Another important point to keep in mind is that you could change the results by picking a different starting point for the analysis. I also suspect that you could get different results by screening the data differently. The choices I made were the simplest. One you start tweaking input assumptions you can be rightfully accused of statistical manipulation.
These data illustrate the point I tried to make in the Facebook posts. In my experience, whenever I have looked at the data behind a climate change related claim it was more complicated, more uncertain, and often contradictory to the claim made. It is also difficult to separate whether the observed phenomenon is just weather variability or climate trend.

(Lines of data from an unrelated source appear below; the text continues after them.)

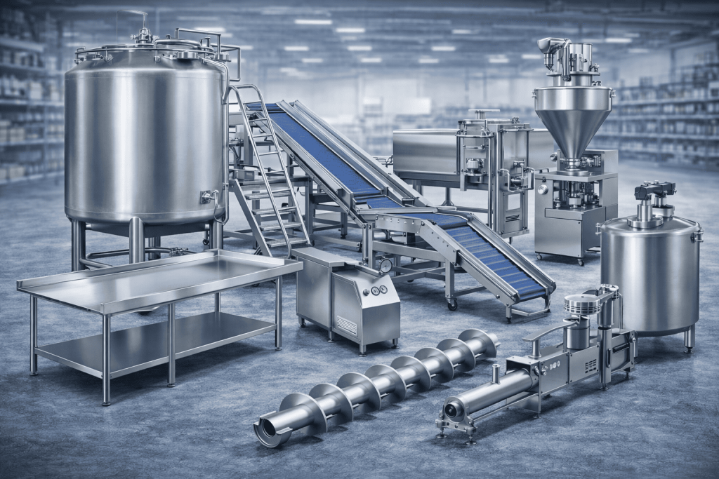 Diseñamos y comercializamos equipos y componentes en acero inoxidable de alto estándar sanitario: mesones, estanques, máquinas de proceso, tornillos sinfín y cintas transportadoras. Nuestros productos garantizan higiene, durabilidad y eficiencia operativa, cumpliendo con normativas alimentarias y adaptándose a cada línea de producción para maximizar productividad y continuidad operacional.
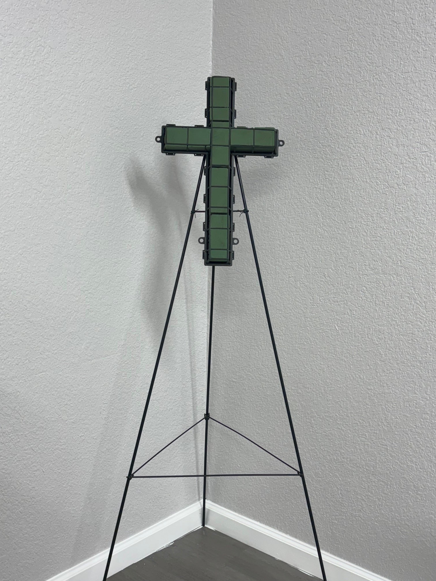 20" Cross spray filled with carnations, 1 dozen roses and mixed flowers. If wanting all roses contact store for price difference.
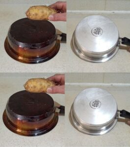 Luați un cartof, curățați-l de coajă și tăiați-l în jumătate. Ștergeți cu o jumătate de cartof oalele Secretul trucului este acidul oxalic, o substanță albă cristalină cunoscută pentru capacitatea sa de a îndepărta murdăria.
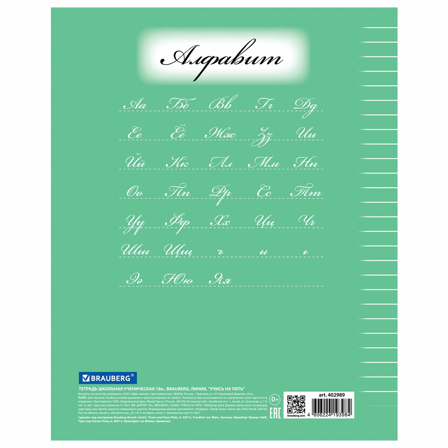 Тетрадь 18 л. BRAUBERG ЭКО "5-КА", линия, обложка плотная мелованная бумага, ЗЕЛЕНАЯ, 402989
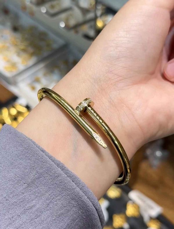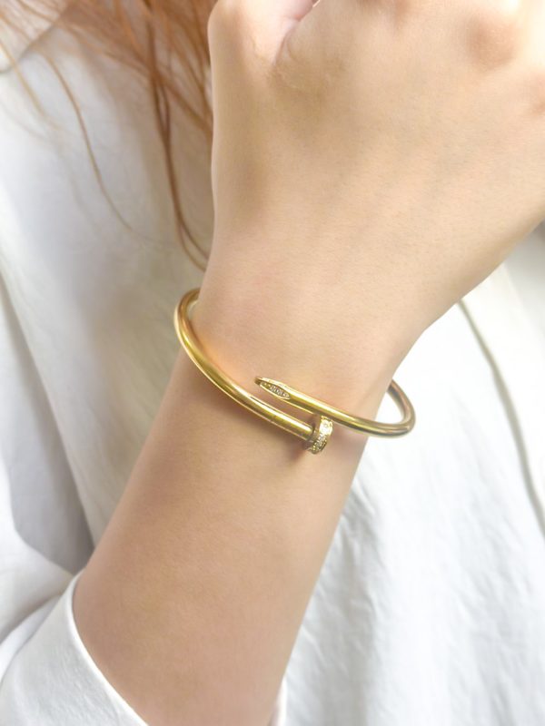 Le bracelet Cartier Clou incarne la beauté de la simplicité moderne. Son design inspiré du clou, à la fois minimaliste et sophistiqué, traduit une personnalité affirmée et audacieuse. Fait pour les femmes qui osent se démarquer, ce bijou séduit par son éclat raffiné et sa finition soyeuse. Parfait seul ou combiné avec d’autres pièces, il apporte une touche d’assurance à chaque geste.
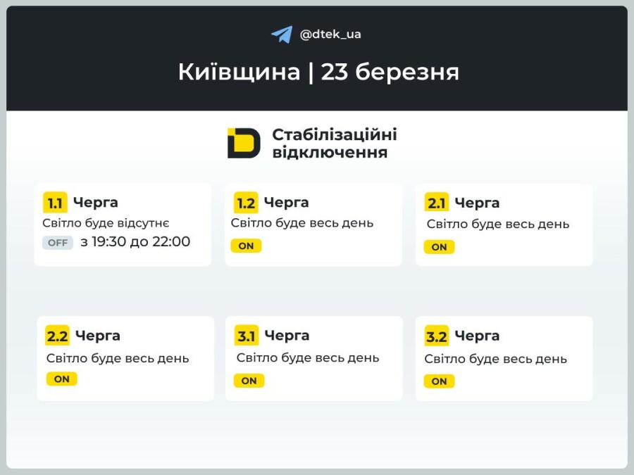 Протягом доби, за розпорядженням НЕК "Укренерго", графік може змінюватися!

This post does not prove that there isn’t climate change, that mankind is not having an effect on climate, or that it isn’t appropriate to do something. If this were just a simple scientific disagreement it could be shrugged off as inconsequential. Unfortunately, in New York State this kind of anecdotal evidence has been used to justify last summer’s Climate Leadership and Community Protection Act (CLCPA) which has been described as the most ambitious and comprehensive climate and clean energy legislation in the country when Cuomo signed the legislation. The Citizens Budget Commission developed an overview of the CLCPA targets in Green in Perspective: 6 Facts to Help New Yorkers Understand the Climate Leadership and Community Protection Act. Look at those references to get a feel for what is in store for New York.
I have spent a lot of time trying to figure out what this law could mean. For example, my latest estimate for the cost for the energy storage batteries needed when winds are light at night during the winter is $176.3 billion through 2050. The United Kingdom has similar legislation in place and it was recently announced that their plan would require conversion of all gas central heating to electric. I expect no less here. As a result when I see anecdotal information used to justify these costly programs I have to respond.